Directions
Return the listing in full and exactly, but without a single picture.
**** Extracted material
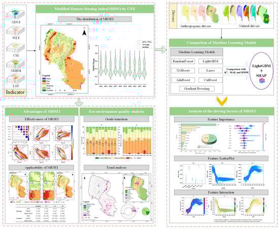 With global climate change and intensified human activities, the ecological environment in arid and semi-arid areas is facing increasingly serious challenges, such as the food crisis [1], land desertification [2], the decline in biodiversity [3], and other prominent problems. China places ecological conservation at the core of its green development strategy, following the sustainable development principle that “lucid waters and lush mountains are invaluable assets”. As a critical ecological barrier in China, the arid northwest region plays a key role in implementing major national ecological projects, including the “Two Barriers and Three Belts” ecological security pattern and the “Northern Sand Control Belt” initiative. Accurate assessment of ecological quality status and its temporal dynamics in China’s arid and semi-arid regions is crucial for enhancing ecological governance and regional planning [4]. However, existing studies overlook critical environmental stressors like soil salinization. This limitation reduces the accuracy of ecological quality quantification and driver analysis in these regions. To address this gap, we innovatively developed the Modified Remote Sensing Ecological Index (MRSEI), which enables a comprehensive dynamic assessment of ecological quality in fragile ecosystems. By incorporating explainable machine learning techniques, our approach enhances understanding of the underlying driving mechanisms. This study establishes a novel methodological framework for regional ecological quality assessment. It also offers new perspectives for tackling global environmental challenges and advancing ecological sustainability.
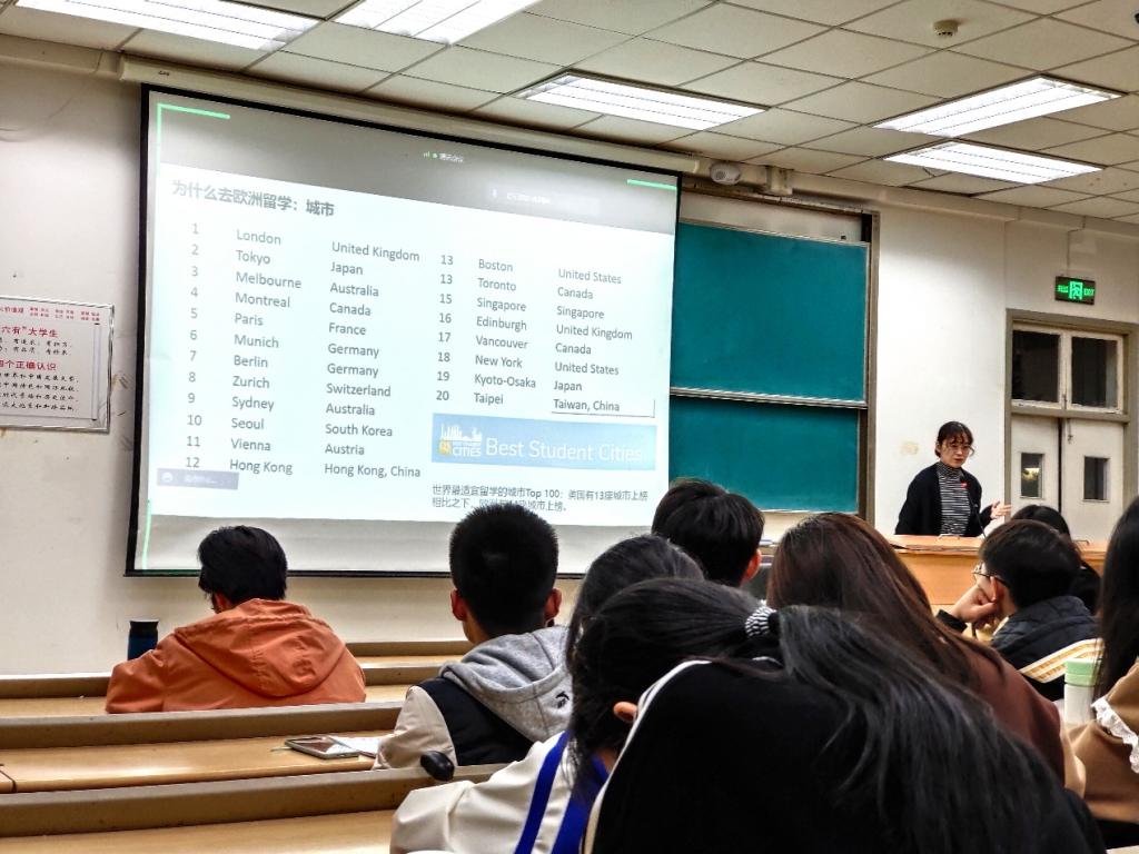张园园老师以欧洲地图为切入点,带领同学们领略欧洲各地的名胜古迹、风土人情以及名人轶事,引起了员工浓厚的兴趣。她以权威的世界大学排名榜单和国外留学概况为依据,全面剖析华中大学子赴欧留学的优势;以国际时事政策为媒介,专业解读英国、法国、瑞士高校教育的利好政策,对比探究各著名高校的优势专业、特色专业和留学申请难易程度,为员工成功申请心仪的留学名校指点迷津。张老师特别强调了小语种学习在欧洲留学中的重要性与必要性,提醒有意留学欧洲的员工尽早规划,尽早准备。
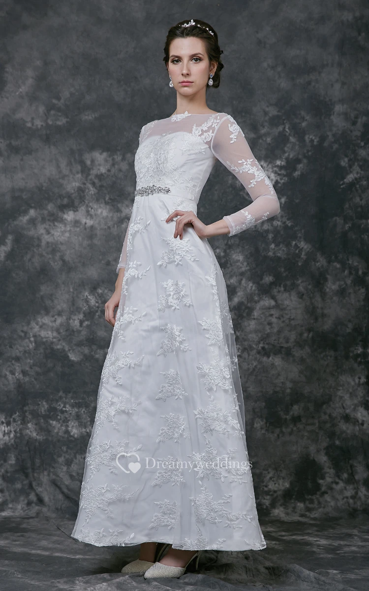 Sophisticated Full Sleeve Bateau Neck A-line Lace Gown With Beaded Belt
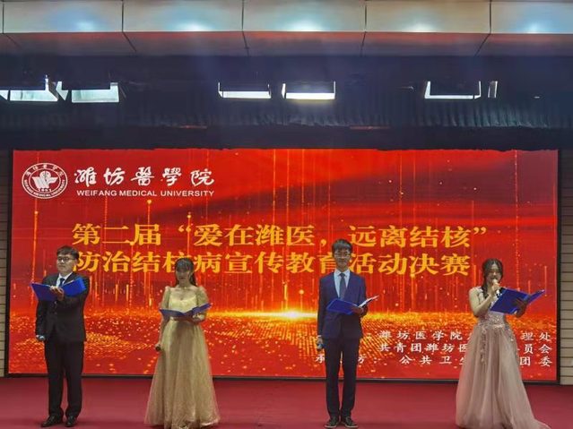 4月21日晚,由校团委、后勤管理处主办,52书库 团委承办的第二届“爱在潍医,远离结核”防治结核病宣传教育活动决赛于图书馆演播厅顺利举行。大赛由52书库 团委副书记赵建辉、52书库 副院长郑文贵、校医院院长陶恩学、鲁南制药集团人事部招聘经理战祥龙、流行病学教研室李兰花教授、卫生检验与检疫教研室于晓丽老师及各院系辅导员担任评委。
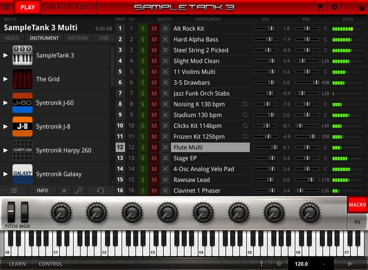 Syntronik includes over 50GB of sounds, arranged in over 2,000 presets. You can browse presets quickly by category or by keyword. And if you're already a fan of IK Multimedia's SampleTank software, good news — you can load up Syntronik sounds in SampliTude to maintain your familiar workflow.
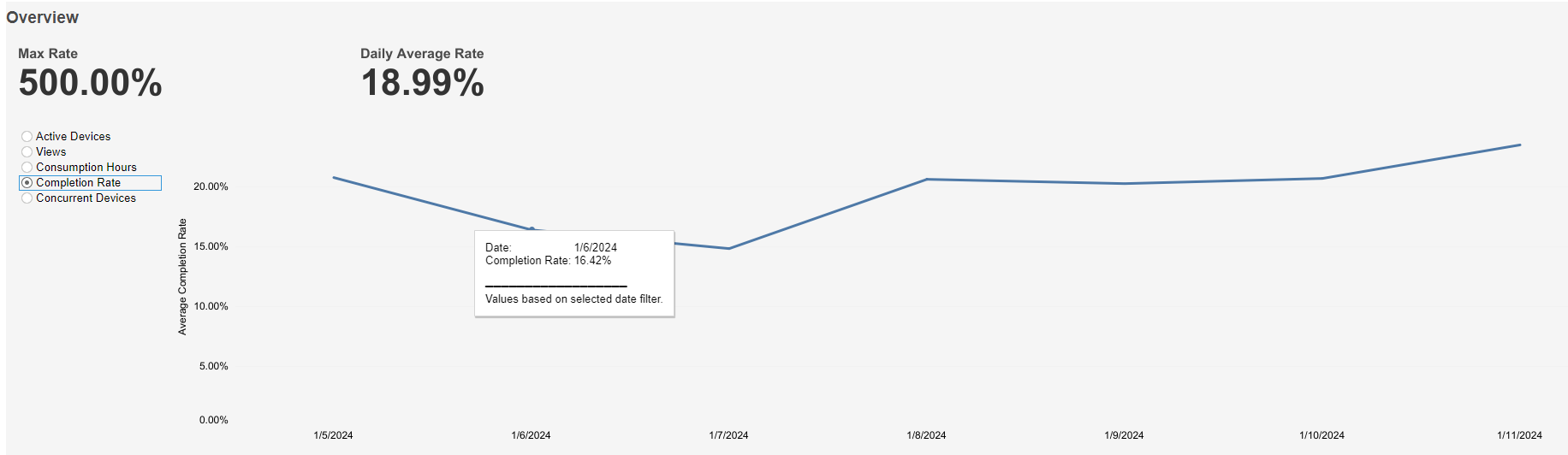 This graph shows Max Rate at the top left, Daily Average Rate at the top right, and a graph of Average Completion Rate over time based on the selected time interval. A mouseover tooltip gives further information.
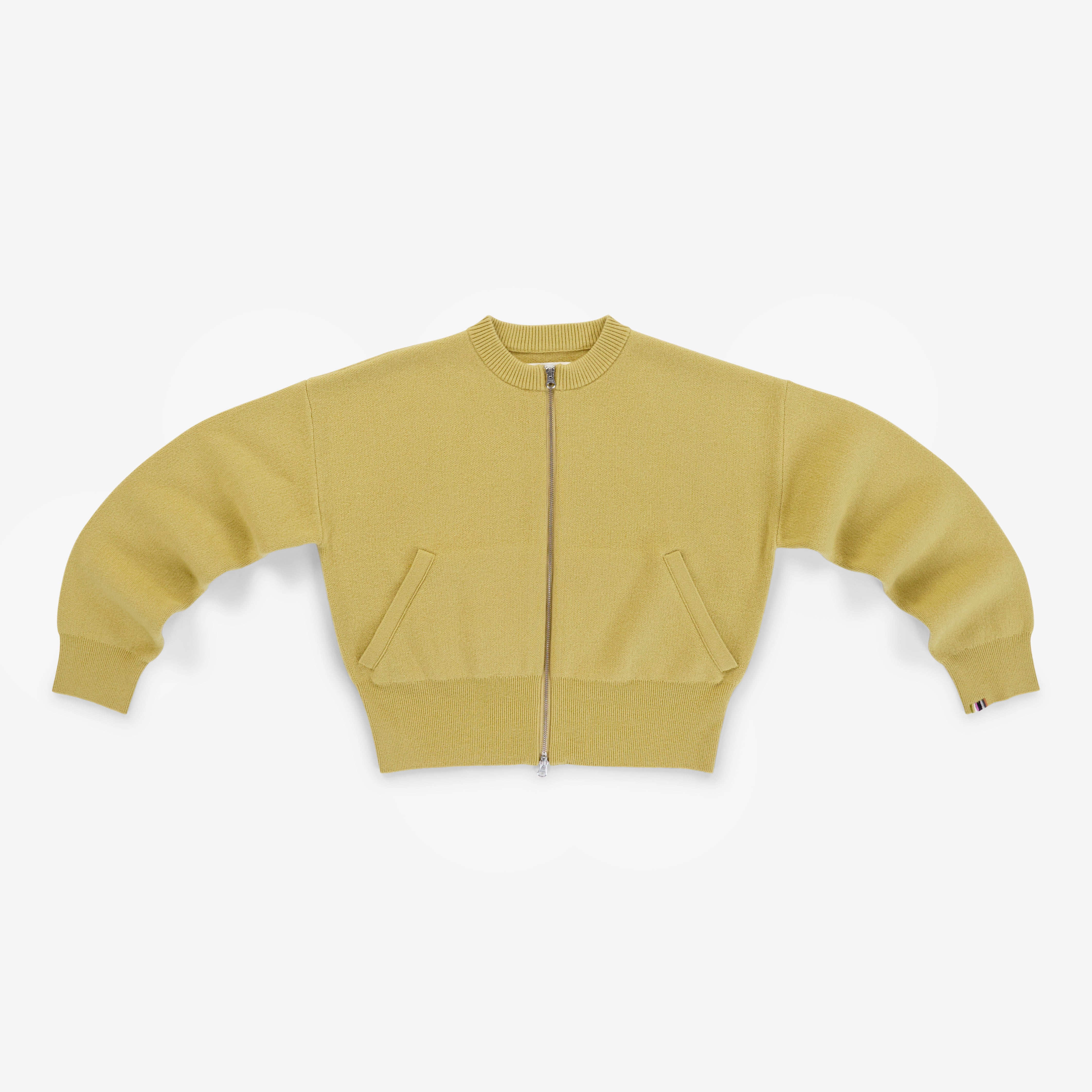sporty and sleek with a classic crew neck, the xtra fun is a playful zip-up cardigan in 100% cashmere. crafted in a luxurious jacquard knit, its unique texture echoes the structure of a scuba suit. perfect for layering or simply worn as a light jacket, the xtra fun is designed with a cropped bomber fit: like our xtra cute cardigan, just with a crew neck. a two-way full-length zipper and two side pockets add further quiet detail and practicality.
********
Task response
 With global climate change and intensified human activities, the ecological environment in arid and semi-arid areas is facing increasingly serious challenges, such as the food crisis [1], land desertification [2], the decline in biodiversity [3], and other prominent problems. China places ecological conservation at the core of its green development strategy, following the sustainable development principle that “lucid waters and lush mountains are invaluable assets”. As a critical ecological barrier in China, the arid northwest region plays a key role in implementing major national ecological projects, including the “Two Barriers and Three Belts” ecological security pattern and the “Northern Sand Control Belt” initiative. Accurate assessment of ecological quality status and its temporal dynamics in China’s arid and semi-arid regions is crucial for enhancing ecological governance and regional planning [4]. However, existing studies overlook critical environmental stressors like soil salinization. This limitation reduces the accuracy of ecological quality quantification and driver analysis in these regions. To address this gap, we innovatively developed the Modified Remote Sensing Ecological Index (MRSEI), which enables a comprehensive dynamic assessment of ecological quality in fragile ecosystems. By incorporating explainable machine learning techniques, our approach enhances understanding of the underlying driving mechanisms. This study establishes a novel methodological framework for regional ecological quality assessment. It also offers new perspectives for tackling global environmental challenges and advancing ecological sustainability.
张园园老师以欧洲地图为切入点,带领同学们领略欧洲各地的名胜古迹、风土人情以及名人轶事,引起了员工浓厚的兴趣。她以权威的世界大学排名榜单和国外留学概况为依据,全面剖析华中大学子赴欧留学的优势;以国际时事政策为媒介,专业解读英国、法国、瑞士高校教育的利好政策,对比探究各著名高校的优势专业、特色专业和留学申请难易程度,为员工成功申请心仪的留学名校指点迷津。张老师特别强调了小语种学习在欧洲留学中的重要性与必要性,提醒有意留学欧洲的员工尽早规划,尽早准备。
 Sophisticated Full Sleeve Bateau Neck A-line Lace Gown With Beaded Belt
 4月21日晚,由校团委、后勤管理处主办,52书库 团委承办的第二届“爱在潍医,远离结核”防治结核病宣传教育活动决赛于图书馆演播厅顺利举行。大赛由52书库 团委副书记赵建辉、52书库 副院长郑文贵、校医院院长陶恩学、鲁南制药集团人事部招聘经理战祥龙、流行病学教研室李兰花教授、卫生检验与检疫教研室于晓丽老师及各院系辅导员担任评委。
 Syntronik includes over 50GB of sounds, arranged in over 2,000 presets. You can browse presets quickly by category or by keyword. And if you're already a fan of IK Multimedia's SampleTank software, good news — you can load up Syntronik sounds in SampliTude to maintain your familiar workflow.
 This graph shows Max Rate at the top left, Daily Average Rate at the top right, and a graph of Average Completion Rate over time based on the selected time interval. A mouseover tooltip gives further information.
sporty and sleek with a classic crew neck, the xtra fun is a playful zip-up cardigan in 100% cashmere. crafted in a luxurious jacquard knit, its unique texture echoes the structure of a scuba suit. perfect for layering or simply worn as a light jacket, the xtra fun is designed with a cropped bomber fit: like our xtra cute cardigan, just with a crew neck. a two-way full-length zipper and two side pockets add further quiet detail and practicality.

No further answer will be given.